本发明提供的血液透析器的辐照灭菌方法,主要采用了高能电子束辐照进行灭菌,由于辐照的能量大于分子键能,可使分子电离,断键,蛋白质及酶变性失活,破坏微生物细胞中的DNA和RNA,从而失去合成蛋白质的能力,可有效杀灭细菌和病毒。同时,本发明中在对血液透析器进行灭菌时,辐照前添加的由亚氯酸盐,丁二酸和辛基酚聚氧乙烯醚组成的预处理剂,很容易与未灭菌的血液透析器上微生物的细胞膜脂相互作用,并能够浸入膜内,诱导细胞膜损伤,并与细胞内生物大分子相互作用,表现出优异的抗菌、抗病毒活性,并且抑菌效果明显。

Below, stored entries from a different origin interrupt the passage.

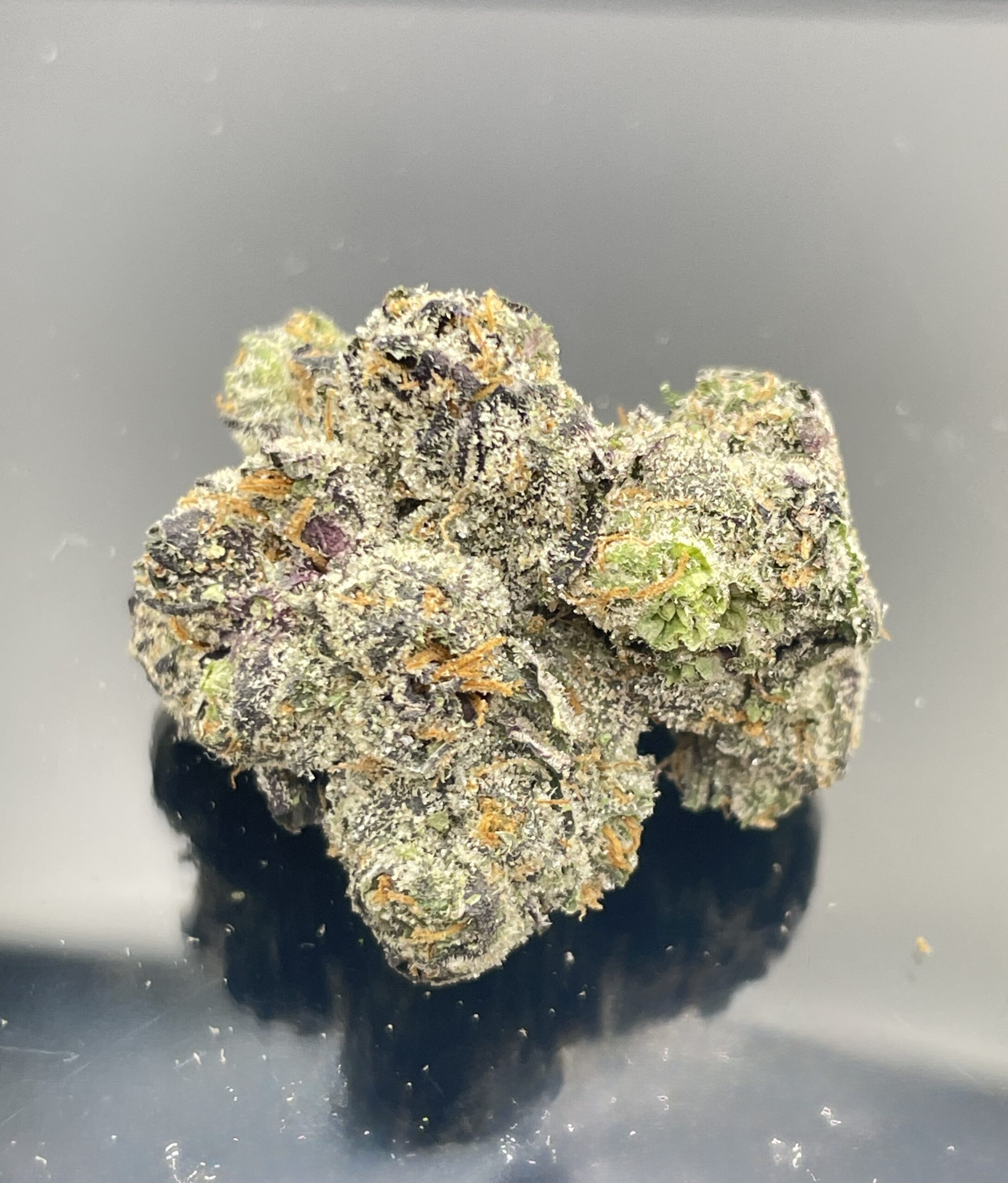 Blueberry Pink Lemonade is a slightly indica dominant hybrid strain (60% indica/40% sativa) created through crossing the potent Blueberry X Pink Lemonade strains. This tasty combination creates a super potent child strain with soaring, bright effects that will activate the mind and numb the body in just one simple little toke. The taste of Blueberry Pink Lemonade is much like what you’d expect, blending together sweet, sugary lemonade with spicy grapefruits and juicy blueberries. The aroma is very much the same, although it does have added layers of fresh flowers and spicy black pepper added into the mix. The Blueberry Pink Lemonade high will hit you as soon as you exhale in the mind, slamming into you with a bright hit of energy and creativity. You’ll find that your euphoria is exponentially expanded as well, leaving you feeling insanely happy and a bit giggly at times. A super relaxing physical high comes next, sinking into your body and leaving you feeling stoney and calmed from head to toe. With these effects and its insanely high 32-44% average THC level, Blueberry Pink Lemonade is often suggested to treat very experienced patients with conditions including chronic fatigue, chronic stress, nausea, chronic pain and cramps or the symptoms of PMS. Blueberry Pink Lemonade buds have fluffy, spade-shaped forest green nugs with dark blue leaves, thin orange hairs and tiny, sparkling blue-tinted white crystal trichomes.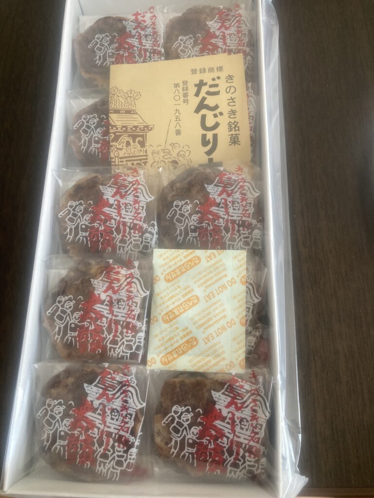 城崎温泉 西村屋本館に宿泊した際にウエルカムお菓子で提供された「だんじり太鼓」が美味しすぎてお土産で購入しました。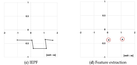 Figure 11 represents the results of the elevator recognition algorithm at the location of the LiDAR sensor where one elevator door frame cannot be detected. Figure 11a is a raw-data-based point-cloud with information from a general elevator. Based on this, it can be seen that a total of two clusters were created as a result of performing the ABD clustering algorithm, which is shown in Figure 11b. The results of performing the IEPF line segment extraction algorithm based on the generated clusters are shown in Figure 11c, and the results for the coordinates detected by performing the elevator recognition technique based on the generated line segments are shown in Figure 11d.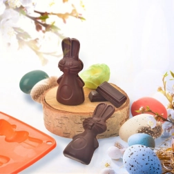 Rozmer formy je 22 × 18 cm a každá dutina zajačika má približne 9 × 5 cm. Materiál je tepelne odolný od -40 °C do +220 °C, takže formu využijete v rúre, mikrovlnke aj mrazničke. Údržba je jednoduchá – stačí opláchnuť alebo vložiť do umývačky riadu.

进一步地,本发明中添加的由壳聚糖和聚丙二醇的保护剂能够增强辐照后血液透析器的抑菌效果,同时能保证高能电子束辐照在具有较强穿透力,起到杀菌抑菌的情况下,不会降低材料生物力学强度,有效防止血液透析器外壳体产生劣化现象和辐照副产物,进而避免了可能产生的老化和发黄等现象,显著提高血液透析器的安全性。
与现有技术相比,本发明提供的血液透析器的辐照灭菌方法具有以下优势:
(1)本发明提供的血液透析器的辐照灭菌方法,通过在辐照前添加预处理剂和保护剂,之后结合电子束辐照进行处理,能有效杀灭细菌和病毒,杀菌均匀彻底,长效抑菌,无副作用,有效地防止了血液透析器外壳体材料产生老化和发黄等现象,并且可在室温下进行,对于不耐热的生物性材料仍然适用。

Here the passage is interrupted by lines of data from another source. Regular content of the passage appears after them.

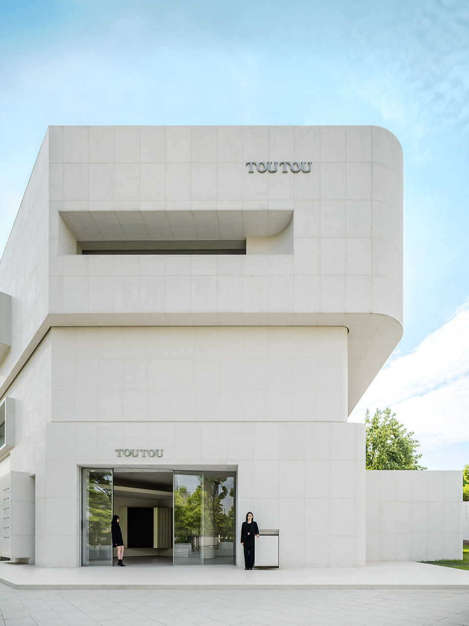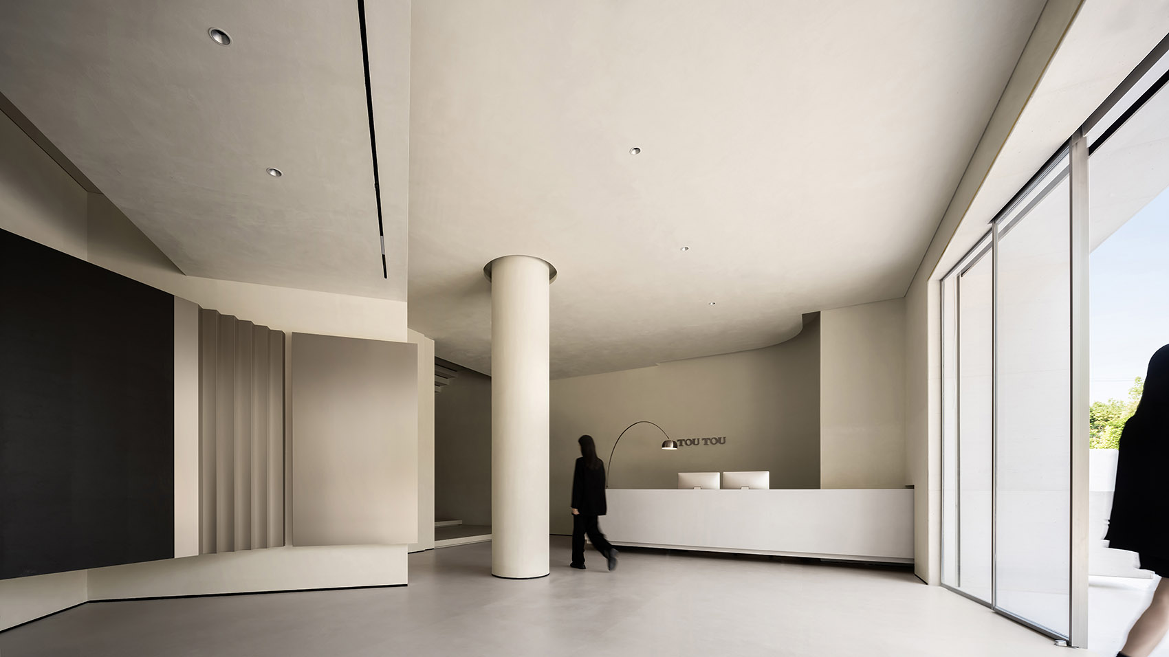 作為電商企業(yè),TOUTOU需要有充足且多樣的攝影空間服務(wù)于產(chǎn)品的宣發(fā)。辦公場(chǎng)地以二、三樓為主,一樓僅作為形象展示及入戶大廳使用。辦公設(shè)計(jì)團(tuán)隊(duì)選擇將臨街入戶門封閉,將西北向大門作為主要入口。盡量規(guī)避入口正對(duì)街道車流的不利影響,同時(shí)擴(kuò)大入口,以更開(kāi)放的姿態(tài)迎接員工與參觀者。化中廳方柱為圓,削弱陽(yáng)角的尖銳感,柔化整個(gè)大廳的感受。懸空前臺(tái)貫穿室內(nèi)外,打破室內(nèi)外分隔,增強(qiáng)室內(nèi)外互動(dòng)感。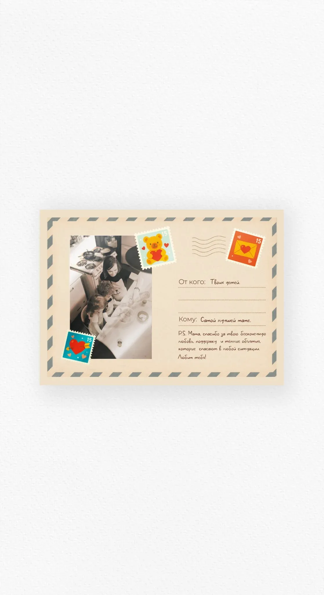 Дизайн выполнен в стиле почтового письма с тёплой, домашней атмосферой и милыми декоративными элементами. Текст выражает благодарность за заботу, поддержку и бесконечную любовь, делая открытку особенно душевной. Подойдёт для поздравления с Днём матери, днём рождения или как искренний знак внимания без повода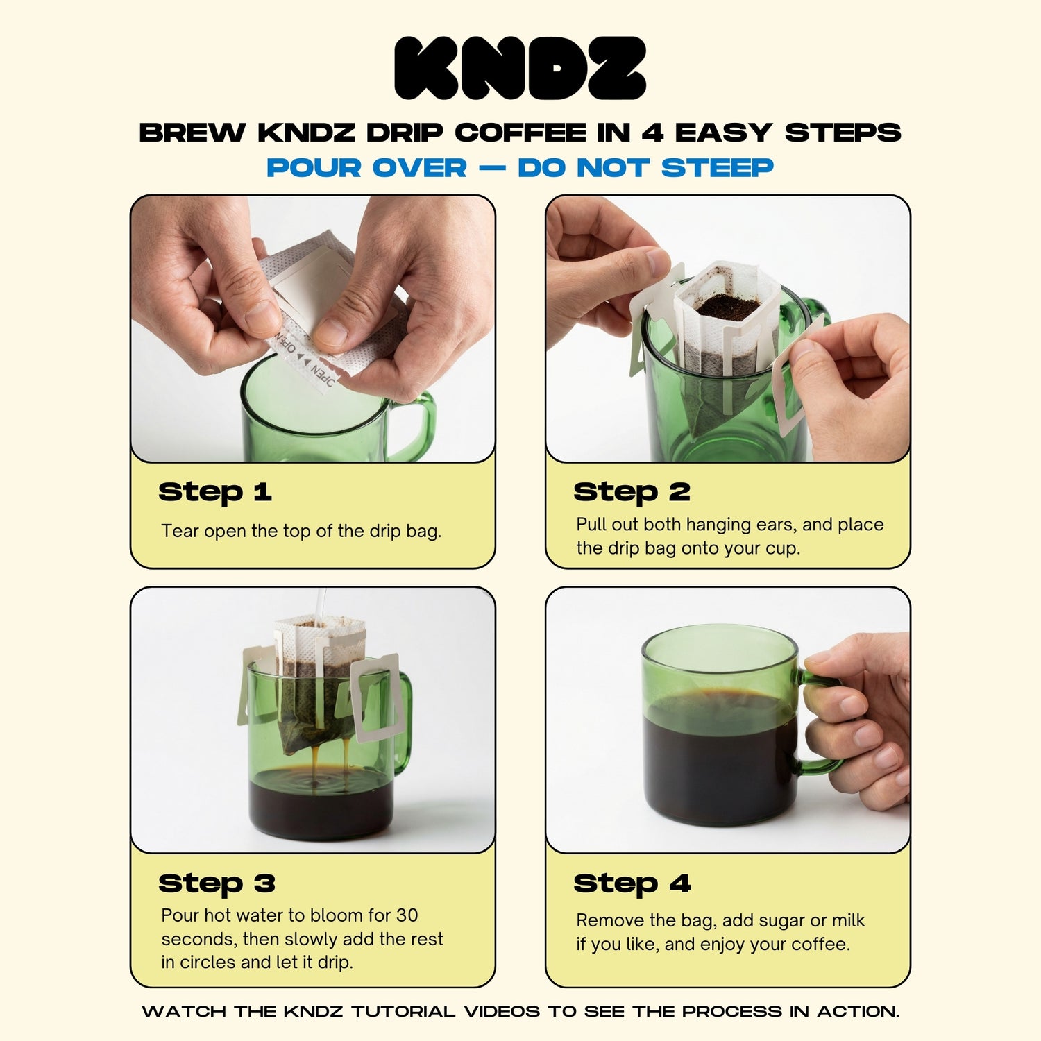 KNDZ coffee is handcrafted in micro-batches using high-quality beans grown in the mountains of Ethiopia and Colombia, where the cooler climate helps develop a rich and balanced taste in every cup. Each batch is freshly roasted by hand, using an artisanal roast style that highlights both our natural infusions and the coffee’s true character.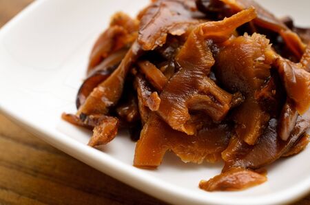 Japanese Food Chinmi Chuka Idako Seasoned Baby Octopus, Closeup on Wooden Table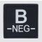 Carré sur velcros indiquant le groupe sanguin du porteur, en gomme pvc texte blanc sur fond noir.
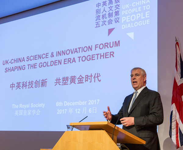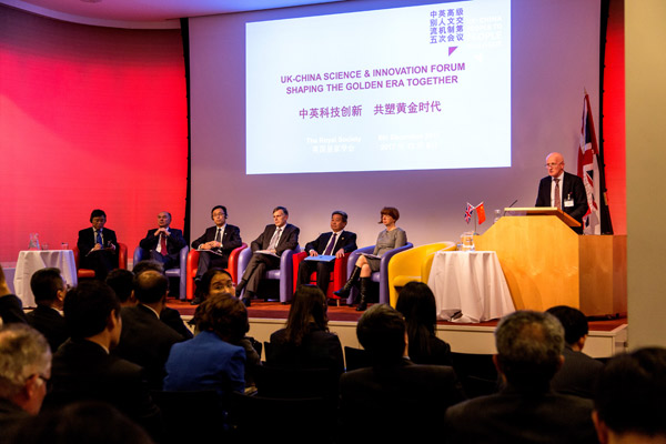 2017年12月6日,中國(guó)科學(xué)技術(shù)部與英國(guó)商業(yè)、能源和產(chǎn)業(yè)戰(zhàn)略部在英國(guó)皇家學(xué)會(huì)共同舉辦“中英科技創(chuàng)新合作:共塑黃金時(shí)代”論壇,該活動(dòng)是中英高級(jí)別人文交流機(jī)制第五次會(huì)議的重要活動(dòng)之一。國(guó)務(wù)院副總理劉延?xùn)|、科技部黨組書(shū)記、副部長(zhǎng)王志剛與英國(guó)約克公爵安德魯王子、英國(guó)大學(xué)、科學(xué)、研究與創(chuàng)新國(guó)務(wù)大臣喬·約翰遜(Jo Johnson)等出席論壇致辭并參觀了中英科技創(chuàng)新成果展。

(2)本发明提供的血液透析器的辐照灭菌方法,操作简单、灭菌速度快,可一次性加工大量产品,进而促进了高能电子束辐照技术在医疗卫生用品中消毒的应用。
具体实施方式
以下通过具体实施方式的描述对本发明作进一步说明,但这并非是对本发明的限制,本领域技术人员根据本发明的基本思想,可以做出各种修改或改进,但是只要不脱离本发明的基本思想,均在本发明的保护范围之内。

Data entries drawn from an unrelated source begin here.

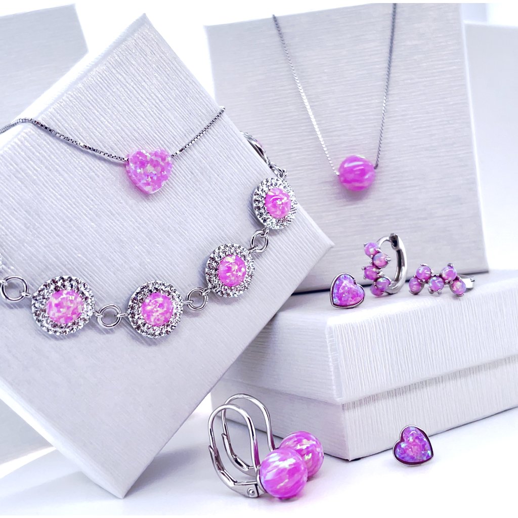 Nežné ako ranné červánky. Tieto strieborné náušnice typu kôstky zdobia okrúhly syntetický opál v ružovej farbe, ktorá sa na svetle premenlivo trblieta jemnými dúhovými odleskami. Od pastelovo ružovej cez tóny broskyňové až po nenápadné fialkové záblesky – každý pohľad odhalí inú vrstvu jemnosti. Okolo centrálneho kameňa sú zasadené drobné číre kryštály Preciosa, ktoré dodávajú náušniciam jemný lesk a eleganciu.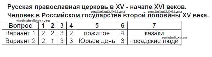 Готовая домашняя работа с ответами по Истории за 6 класс Воробьёва Тесты УМК Часть 1, 2 Экзамен 2017 ФГОС - Тесты Тест №28. Русская православная церковь в XV - начале XVI в. Человек в Российском государстве второй половины XV в.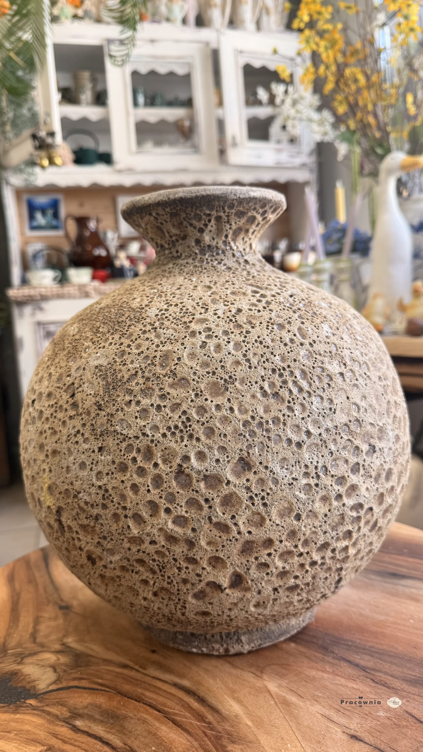 Jak z innej planety – wazon o księżycowej fakturze i kulistym kształcie przyciąga wzrok od pierwszego spojrzenia. Wykonany z ceramiki o chropowatej, porowatej powierzchni, wygląda jakby był stworzony z zastygłej lawy lub skalnej materii. Wymiary: 28x28x33 SKU: CRFAVPV013 EAN: 5907177817521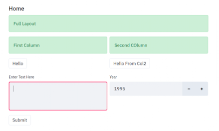 col2.success("Second COlumn") col2.button("Hello From Col2")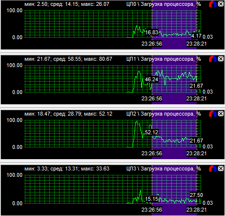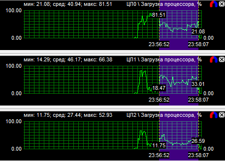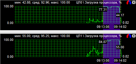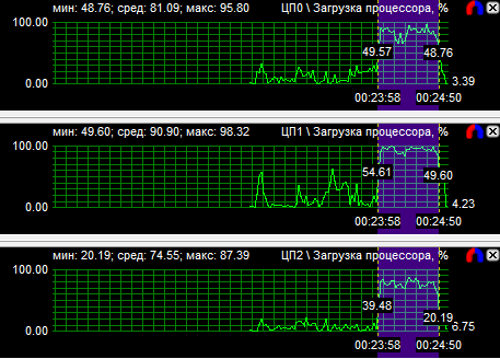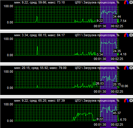Тестирование подтвердило нашу гипотезу - у всех процессоров наблюдается равная производительность.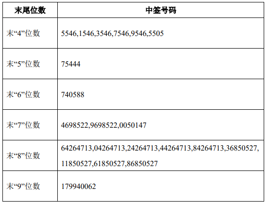 永顺泰中签号出炉中签号码共有225779个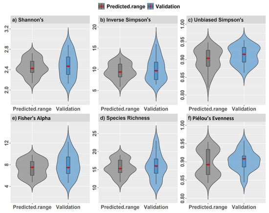 Observed α-diversity index values compared with the range of predicted pixel values from the combined spatial model for regularly spaced 0.10 ha validation plots.

其中,本发明所用试剂均为常用试剂,均可在常规试剂生产销售公司购买。
实施例1一种血液透析器的辐照灭菌方法
所述血液透析器的辐照灭菌方法,包括如下步骤:
S1、将血液透析器于预处理剂中浸泡20min,取出后于3℃的去离子水中冲洗3min;
S2、将步骤S1所得的血液透析器于保护剂中浸泡30min,取出后进行真空干燥,真空度为-0.98Mpa,干燥温度为5℃,干燥时间为30min,然后分别装入无菌包装袋中,得预处理的血液透析器;
S3、将步骤S2所得的预处理的血液透析器置于常温下,开启电子束加速器进行双面辐照处理,辐照剂量为3kGy,处理时间为15min,束流强度为1200μA,脉冲重频为501pps,即得。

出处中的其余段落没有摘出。